Joined the Open Research Funders Group (ORFG)
The ORFG is a coalition of leading philanthropic organizations committed to supporting the open sharing of research to benefit scientific progress. Membership will continue to optimize our efforts to foster collaboration within its network, tackle field-wide challenges, and accelerate the discovery of a PD cure.
Partnered with DataSeer
In partnering with AI-powered service provider DataSeer, we co-created a tool to help guide our network in following best practices in open science. As an AI-powered service provider, DataSeer leverages artificial intelligence to ensure all manuscripts submitted for journal peer review by ASAP grantees include associated datasets, code, protocols, and lab materials.
Actively Engaged with the Broader Open Science Community
ASAP is an active member in the open science community.
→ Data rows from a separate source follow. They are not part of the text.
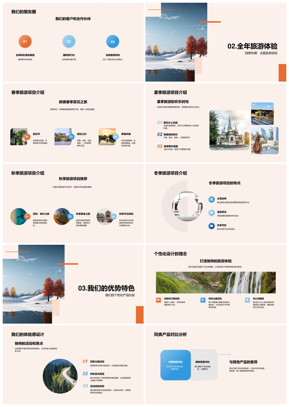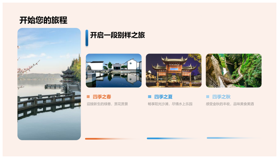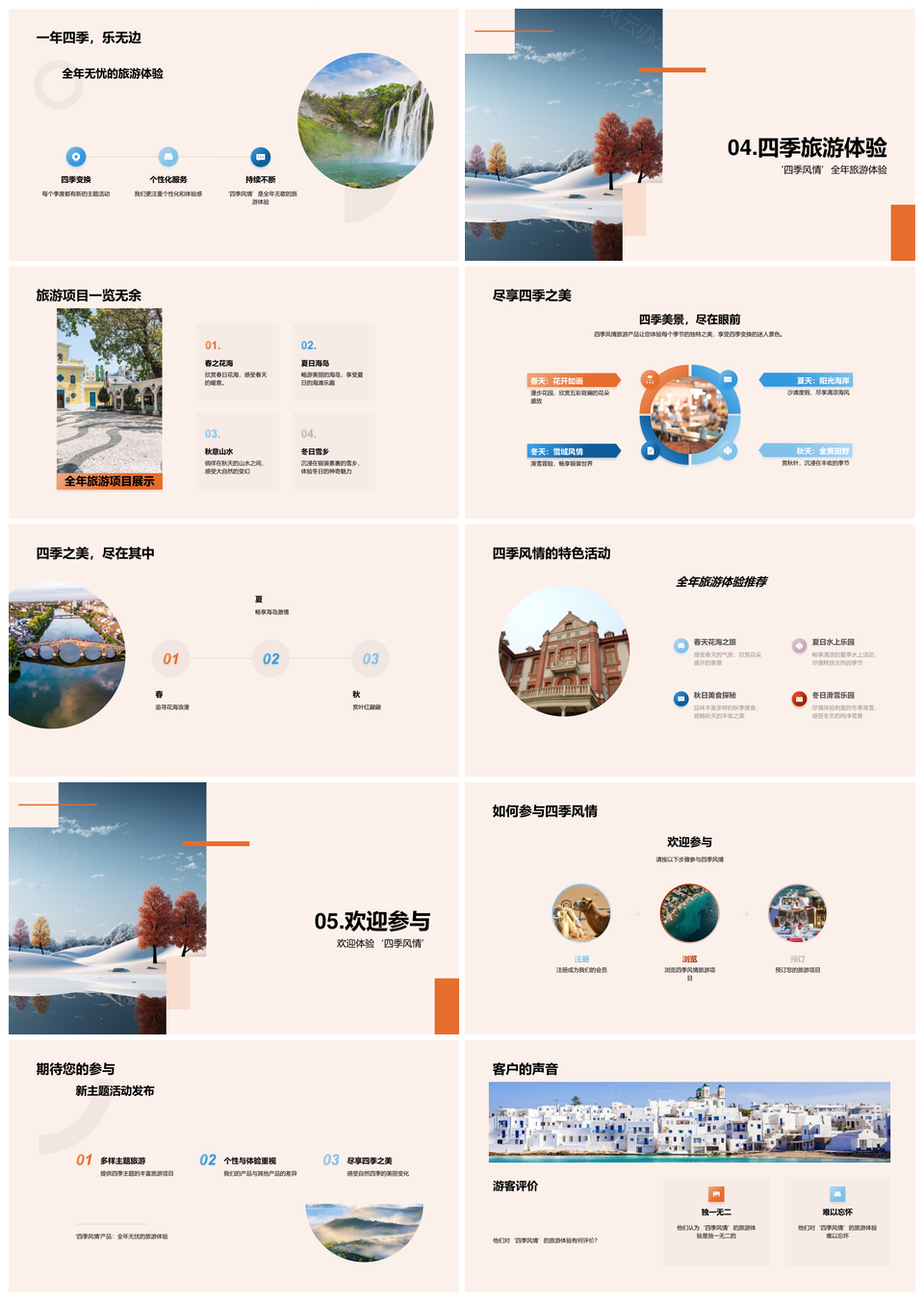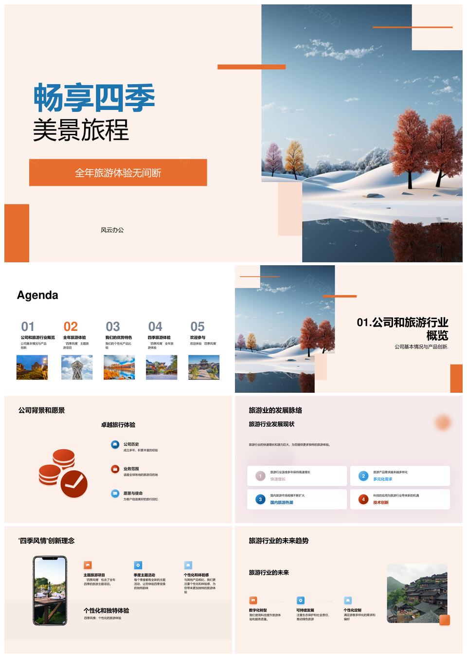 风云办公提供的四季主题旅游个性化体验设计PPT模板,下载格式为pptx,一共29页,作品中文字及图均可以修改和编辑,图片更改请在作品中右键图片并更换,文字修改请直接点击文字进行修改。
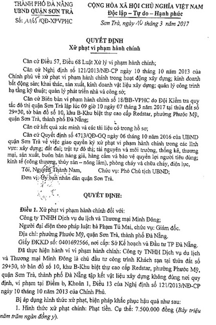 Theo tìm hiểu của phóng viên, dự án nêu trên được bắt đầu triển khai từ cuối năm 2015, Công ty TNHH Du lịch Dịch vụ và Thương mại Minh Đông có công văn xin khoan thử cọc tại công trình với số lượng là 3 cọc. Thế nhưng, thực tế, Công ty Minh Đông đã khoan 10 cọc/245 cọc. Cơ quan chức năng đã lập biên bản yêu cầu dừng thi công xây dựng công trình vi phạm.
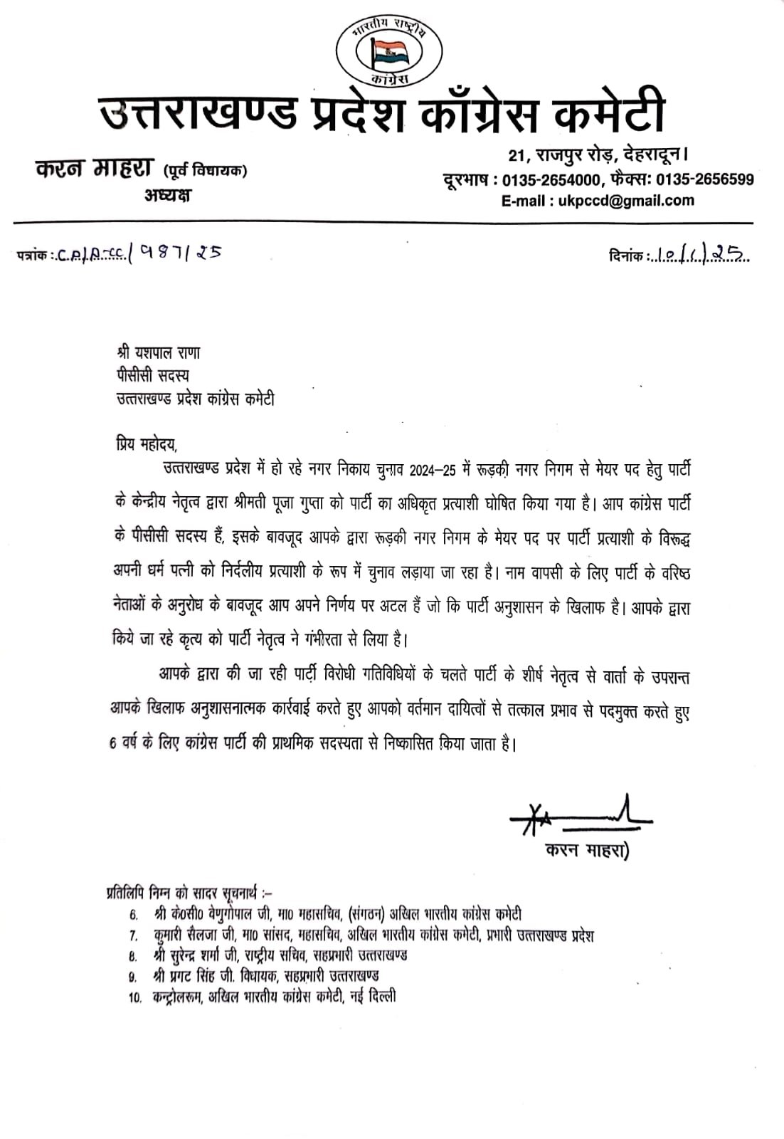उत्तराखंड कांग्रेस ने बागी नेताओं पर कड़ा एक्शन लिया, 6 साल के लिए पार्टी से निष्कासन
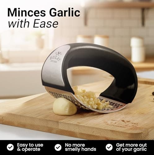 Zulay Kitchen Premium Garlic Press Set - Rust Proof Professional Garlic Mincer Tool - Easy-Squeeze, Easy-Clean with Soft, Ergonomic Handle - Silicone Garlic Peeler & Brush (Silver)
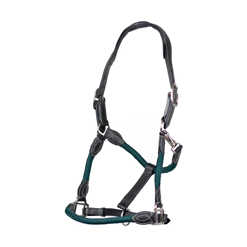 Designed for comfort and control, Cameo Anatomic leather headcollars are made using a strong yet soft rope to allow greater control with leather attachments onto attractive metal fittings. The fittings are chosen to compliment the colour of rope and leather. The Anatomic headpiece is soft and shaped with an ear cutaway to alleviate pressure from the nerve sensitive lower ear. Complete with a trigger hook for ease of use.

This year, our very own Deputy Director, Sonya Dumanis, spoke at three events:
1) the International Network for Government Science Advice (INGSA) Satellite event dedicated to science in the 21st century.
2) a panel at the Research Data Alliance’s 17th Plenary Meeting on “Delimiting the units of open data.”
3) Openscapes Champions Program; Symbiosis in Aquatic Systems Initiative (SASI) Cohort, supported by the Moore Foundation and co-led with Protocols.io.
We also have representatives sitting on cOAlitionS subcommittees and the ORFG.
As we reflect on our outcomes this year, Aligning Science Across Parkinson's (ASAP) thanks our funders, partners, research community, and stakeholders for every contribution they have made to advance collaboration, creativity, flexibility, and transparency in accelerating and informing the path to a cure for Parkinson’s disease. We know that 2022 will be full of more discoveries and accomplishments. We look forward to our continued partnership and support to strengthen our collaborative research community efforts.